En revanche, dans un système conventionnel, les graminées comme le ray-grass et le vulpin valorisent très bien l’azote, ce qui les rend beaucoup plus concurrentielles.

Pour cette raison, le désherbage mécanique est associé à l’utilisation localisée d’herbicides. "Comme des incertitudes pèsent sur le futur du glyphosate, nous l’avons exclu du programme", ajoute la responsable de la ferme expérimentale de Boigneville.

Des résultats économiques et techniques satisfaisants

L’approche prophylactique globale mise en œuvre durant ces six années a réduit les IFT de façon significative. De plus, les notes de satisfaction de désherbage montrent un contrôle efficace des adventices en cours de culture.

Aussi, certaines zones historiquement infestées par des populations de ray-grass résistants ont disparu, alors que d’autres ont été maîtrisées partiellement.  

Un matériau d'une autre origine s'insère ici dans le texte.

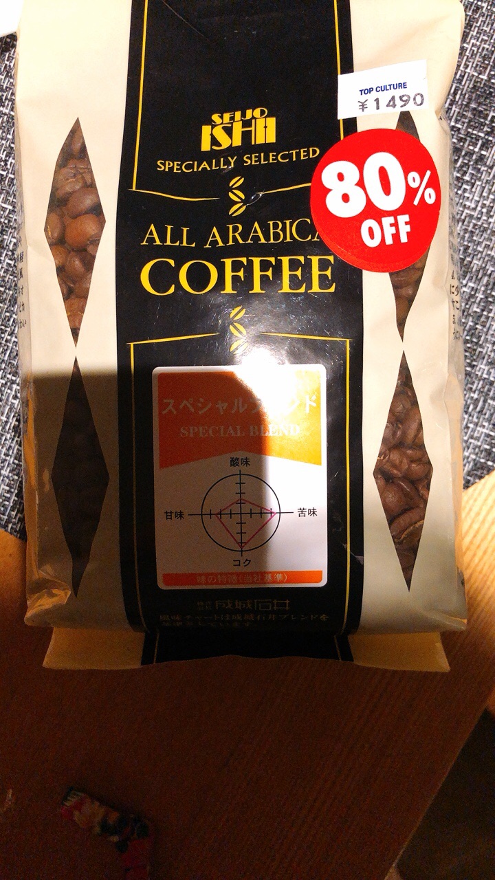 そこでいつもなら500g1500円ほどするコーヒー豆が、なんと80%オフ。

Au niveau économique, les rendements satisfaisants et la qualité des céréales produites assurent la pérennité et la rentabilité du système.

Vulpin et ray-grass : une épreuve d’endurance

Les leviers agronomiques sont des petites briques sur lesquelles s’appuyer. Ces mesures doivent être combinées et testées. D’après Delphine Bouttet, il n’y a pas de solution 100% efficace. De plus, Il est important de garder à l’esprit que l’utilisation de leviers peut réussir dans une parcelle et échouer dans une autre.

En effet, des facteurs liés à l’historique de la parcelle, tel le potentiel grainier du sol, influencent les résultats obtenus.